**Extracted material**
* * * *

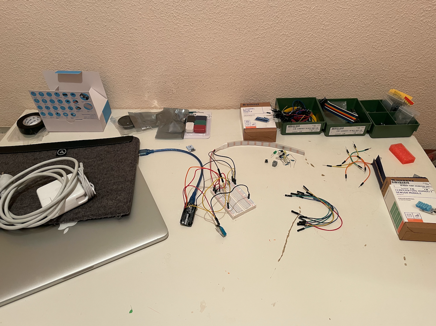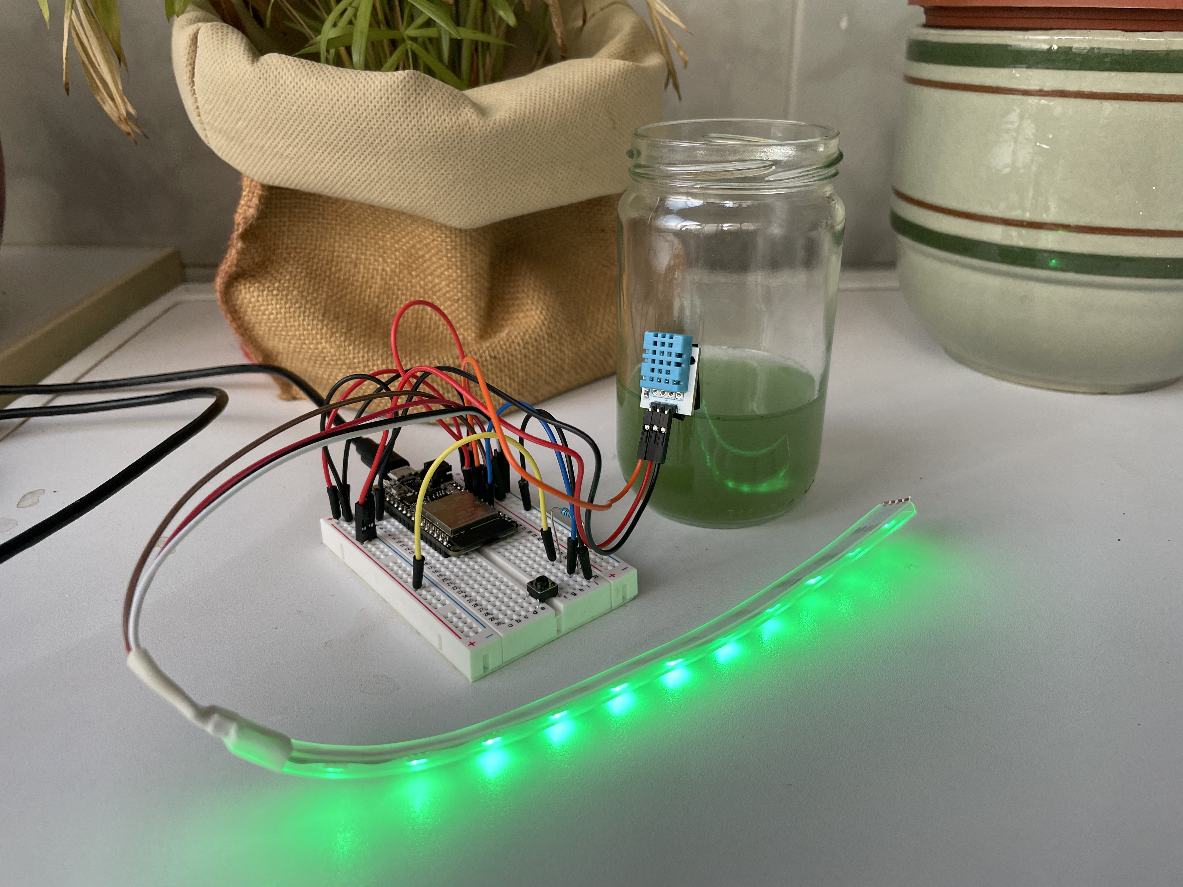After completing the group work, I started working on another proof-of-concept prototype. The goal was to connect a temperature and humidity sensor to the Adafruit ESP32 Feather microcontroller, to read the temperature, to assert if the temperature is within a range favorable to promote Spirulina growth and to finally give a visual feedback via a multi-colored LED strip. Below, in images and videos, the process and outcome is shown. You can find the complete code and all future updates Github.
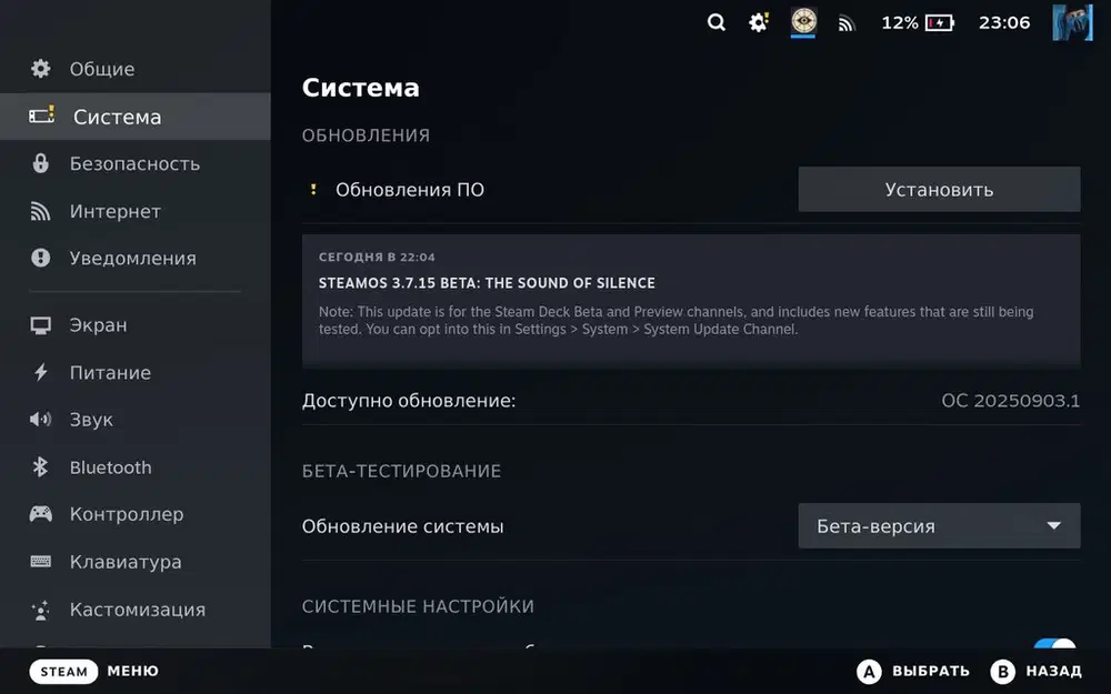 Чтобы попробовать новую версию на Steam Deck или другом совместимом устройстве, необходимо переключиться на канал Beta (Бета-версия) или Preview (Ранняя сборка) в меню Настройки > Система > Бета-тестирование.
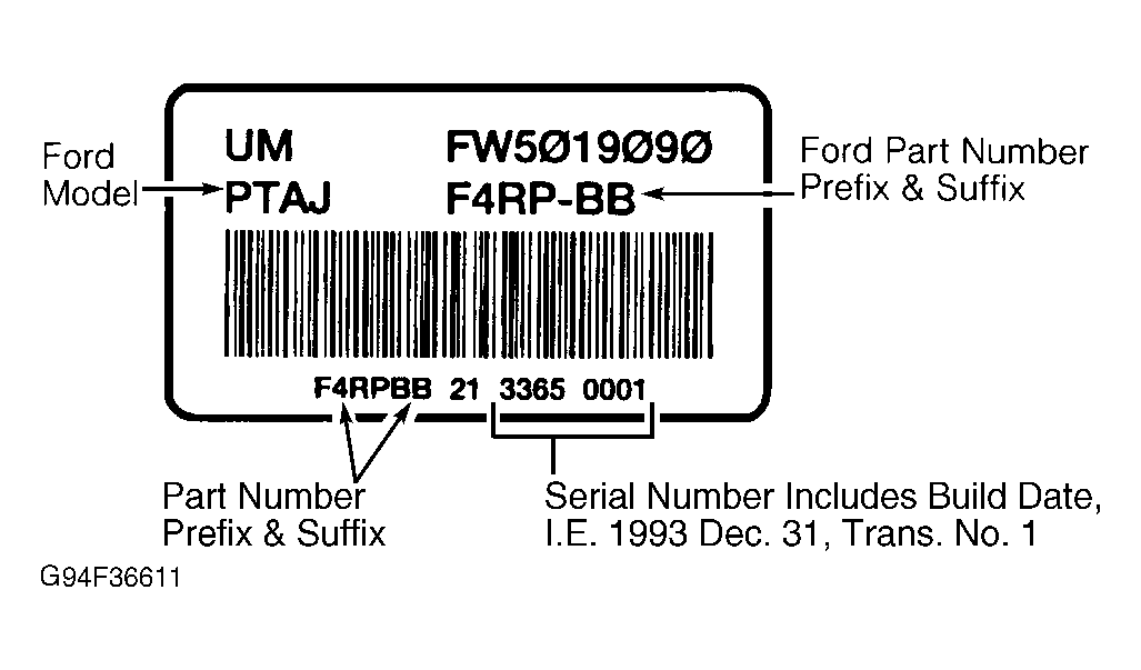 The CD4E automatic transmission is identified by identification tag located on rear of transaxle and bottom of main control assembly. See Fig 1 .
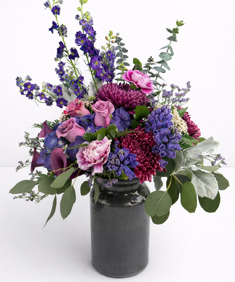 This arrangement is a rich, jewel-toned design featuring purple hydrangea, magenta calla lilies and soft pink roses. Finished with fresh greenery and airy accent flowers, it feels elegant, modern, and slightly dramatic.
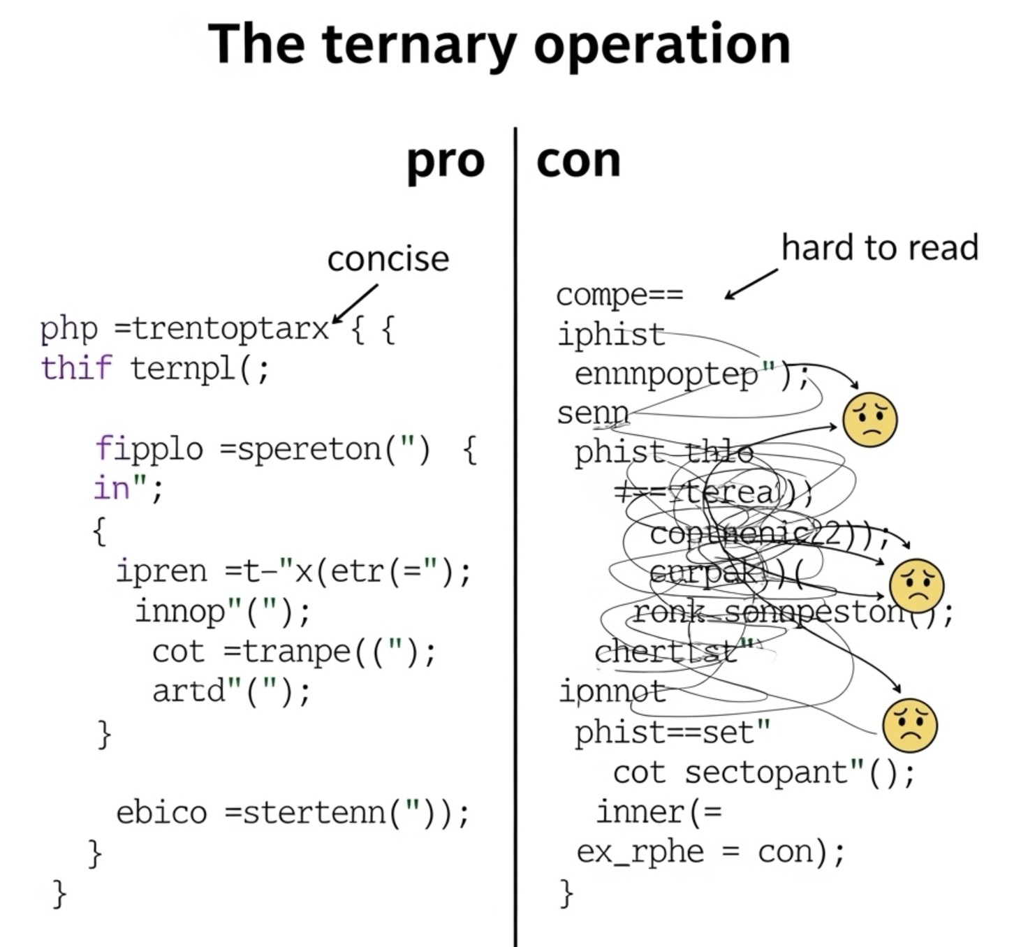 - #가독성_저하 (복잡한 조건): 조건이 복잡해지거나 중첩될 경우, #삼항_연산자 를 과도하게 사용하면 코드의 가독성이 오히려 떨어질 수 있습니다.
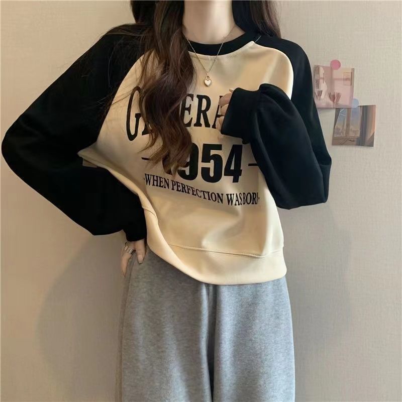 Design Sense Super Good-looking American Style Sweat Women's Autumn Large Size Chubby Slim French Lazy Style Shoulder Short Top
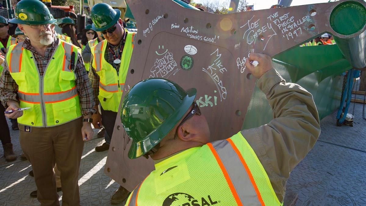 Para marcar esse momento, toda a equipe de engenharia assinou a peça antes da fixação. A reabertura da montanha russa deve acontecer no verão norte-americano deste ano.
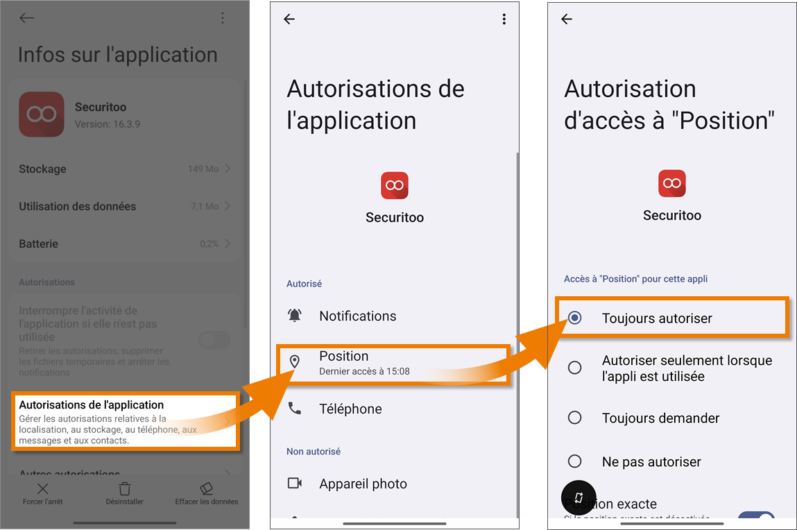 9. Depuis « Infos sur l'application », appuyez sur Autorisation de l'application, puis sur Position et enfin cochez la case « Toujours autoriser »

* * * *

**About this task**
Print the entries again exactly as they appear above. Do not print the pictures.

**Output below**
After completing the group work, I started working on another proof-of-concept prototype. The goal was to connect a temperature and humidity sensor to the Adafruit ESP32 Feather microcontroller, to read the temperature, to assert if the temperature is within a range favorable to promote Spirulina growth and to finally give a visual feedback via a multi-colored LED strip. Below, in images and videos, the process and outcome is shown. You can find the complete code and all future updates Github.
 Чтобы попробовать новую версию на Steam Deck или другом совместимом устройстве, необходимо переключиться на канал Beta (Бета-версия) или Preview (Ранняя сборка) в меню Настройки > Система > Бета-тестирование.
 The CD4E automatic transmission is identified by identification tag located on rear of transaxle and bottom of main control assembly. See Fig 1 .
 This arrangement is a rich, jewel-toned design featuring purple hydrangea, magenta calla lilies and soft pink roses. Finished with fresh greenery and airy accent flowers, it feels elegant, modern, and slightly dramatic.
 - #가독성_저하 (복잡한 조건): 조건이 복잡해지거나 중첩될 경우, #삼항_연산자 를 과도하게 사용하면 코드의 가독성이 오히려 떨어질 수 있습니다.
 Design Sense Super Good-looking American Style Sweat Women's Autumn Large Size Chubby Slim French Lazy Style Shoulder Short Top
 Para marcar esse momento, toda a equipe de engenharia assinou a peça antes da fixação. A reabertura da montanha russa deve acontecer no verão norte-americano deste ano.
 9. Depuis « Infos sur l'application », appuyez sur Autorisation de l'application, puis sur Position et enfin cochez la case « Toujours autoriser »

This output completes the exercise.